For me, the contraceptive is the best hope for long-term conservation efforts. It’s not a scary approach, because we’re used to the idea for humans, so why wouldn’t it be good enough for squirrels? This will play a huge role in reducing the pressure on reds, by getting the grey squirrel population densities down and helping reds disperse to spread over new areas and recolonise territory.
And finally, what do you think is the hardest thing preventing the potential of science to save red squirrels?
So, funding is a huge thing as its very limited across the field of conservation – particularly for red squirrels, because their being endangered is almost uniquely a UK issue. Research takes so much time with so many resources involved, it’s hard to get the funding to be able to carry it out, particularly to support those long-term projects.
Historically, conservation has been seen as something to get on with practically, now it has evolved into an evidence-based approach. So our biggest stumbling block is securing funding for that critical, game-changing research.

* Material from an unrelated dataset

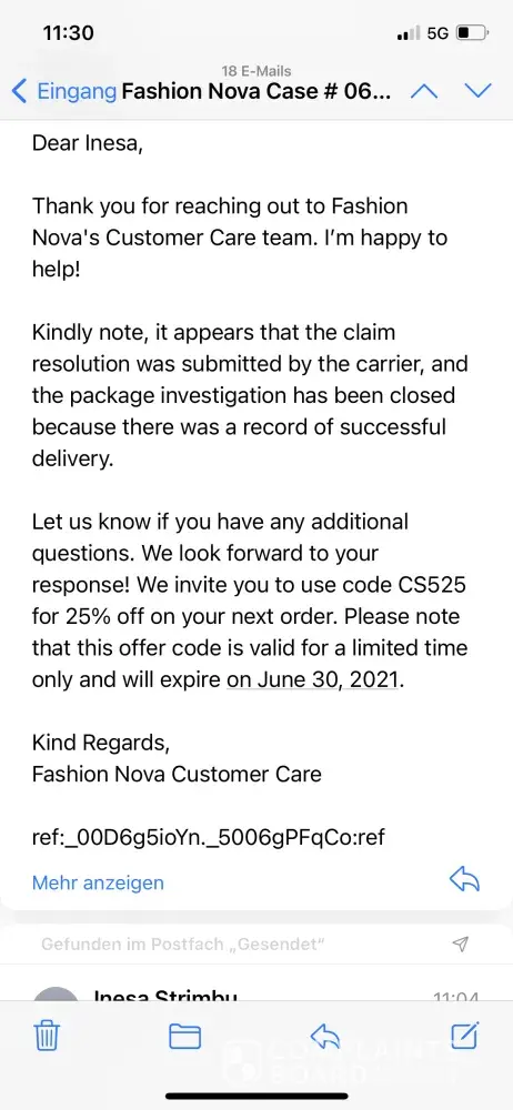 Fashionnova refuses to give me a refund, because they say it was delivered.
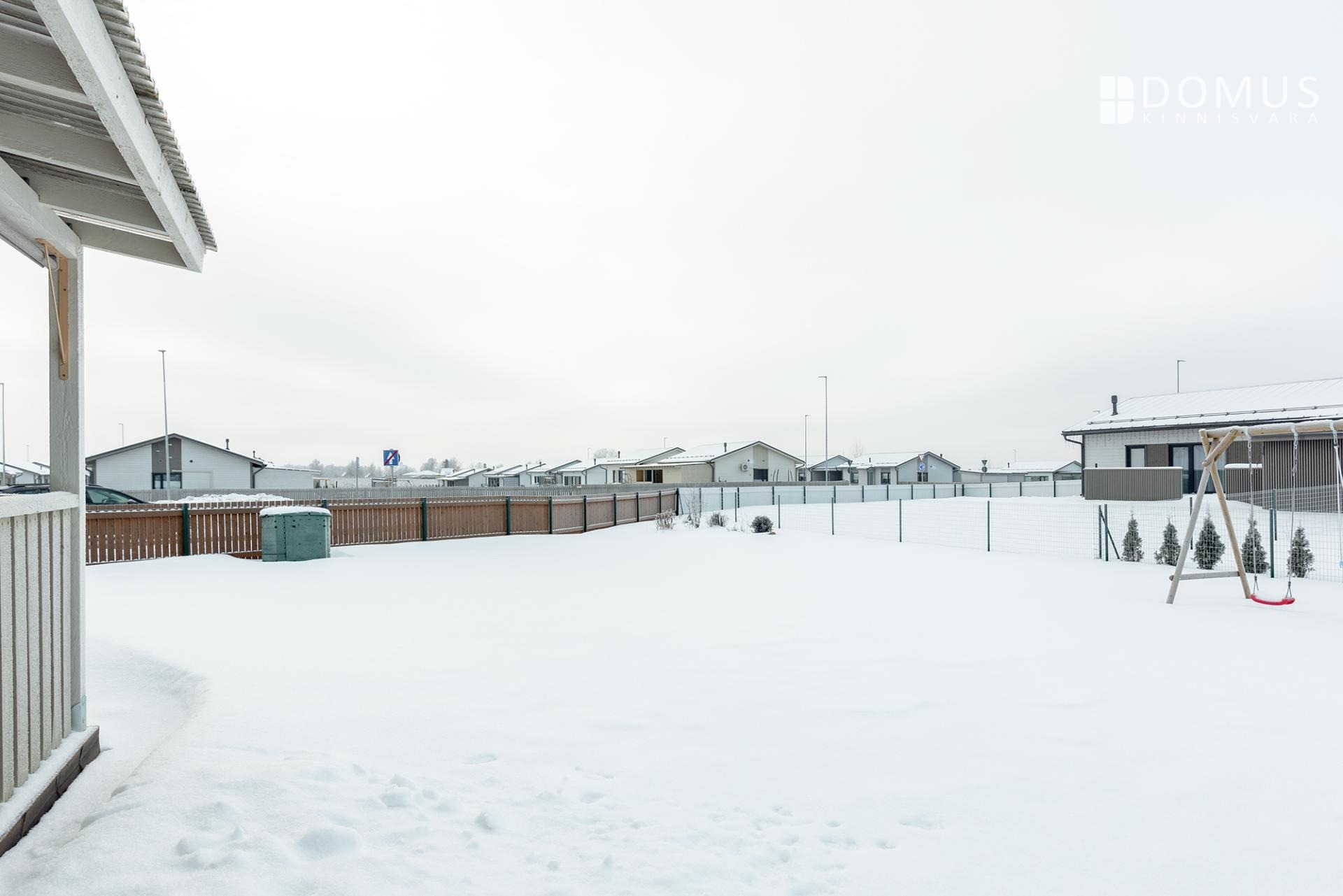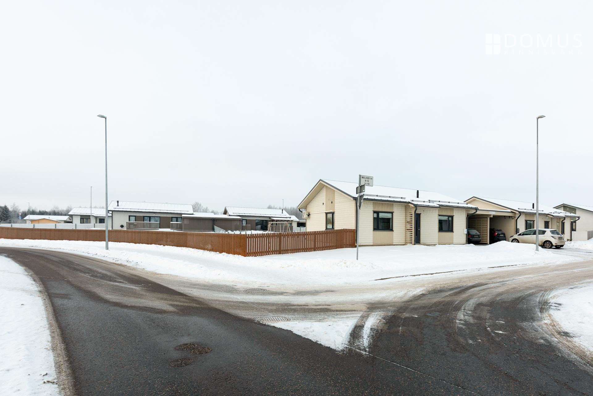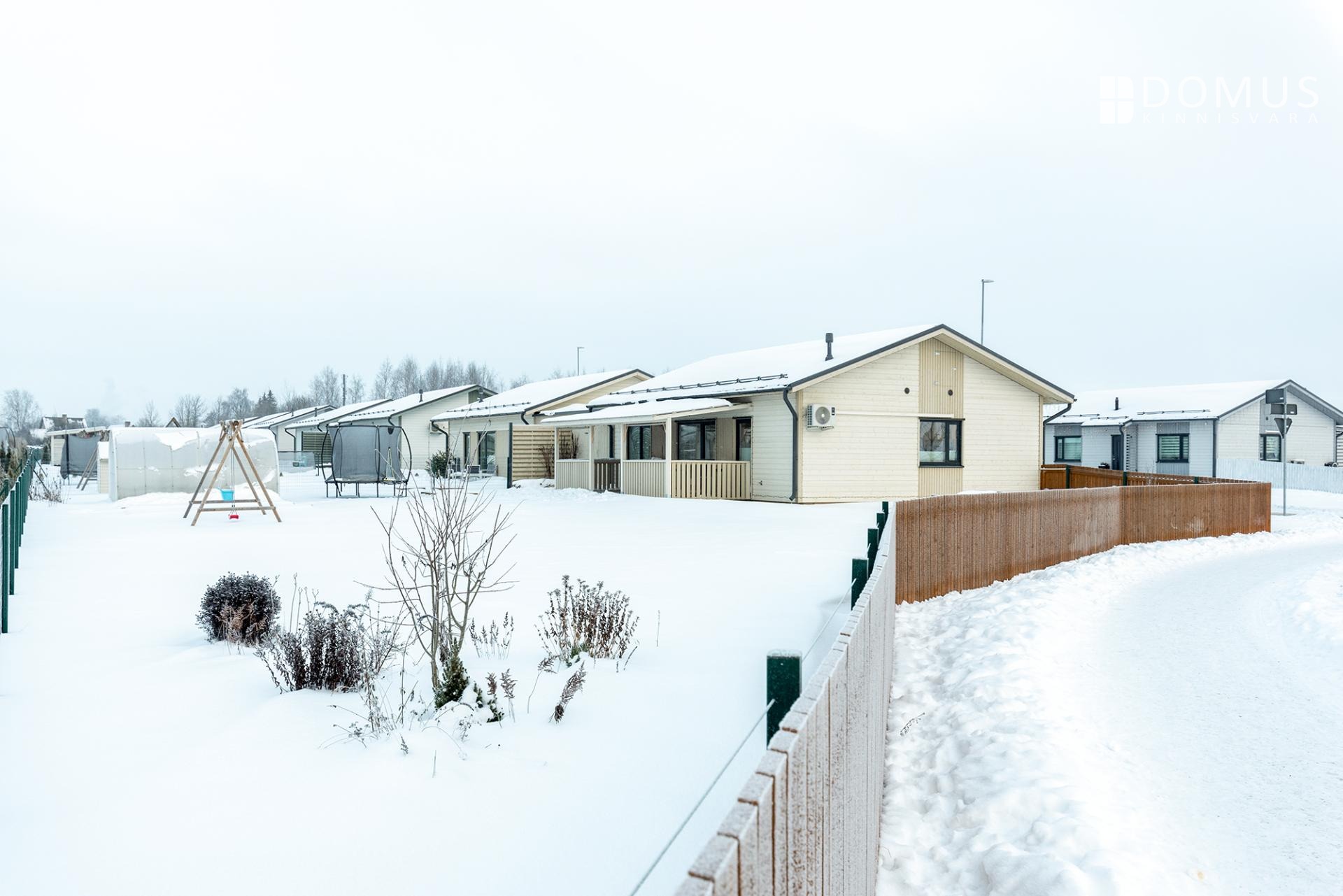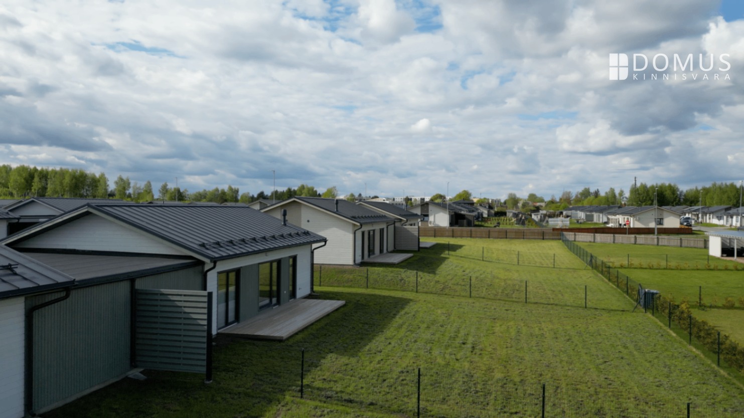 Hoones on olemas saun, 3 tuba, köök-elutuba, esik, suur katusega terrass ning aiaga piiratud muruplats – siin on ohutu lasta mudilasel või neljajalgsel sõbral elutoa uksest hoovi tormata. Autovarjualused ja kuuriboksid annavad lisaväärtust ning ühtse ilmega elamurajoon on silmale nauditav.

For example, with developing a viable squirrel pox vaccine, we know how difficult and expensive this can be – and we don’t have that kind of funding available in the red squirrel conservation world. We would essentially have to do the same as with the Covid-19 vaccine in terms of developing, testing, and then distributing the vaccine, which is an absolutely massive task that requires a lot of resources.
On the flip side, red squirrels are an incredibly adorable and charismatic species – people typically do like supporting their conservation. This is something that I’m really hopeful for as in the last few years interest in conservation and innovative nature-based solutions like rewilding has grown.
Supporting scientific research really is the route to save red squirrels from extinction and as a researcher, I will always support this kind of approach.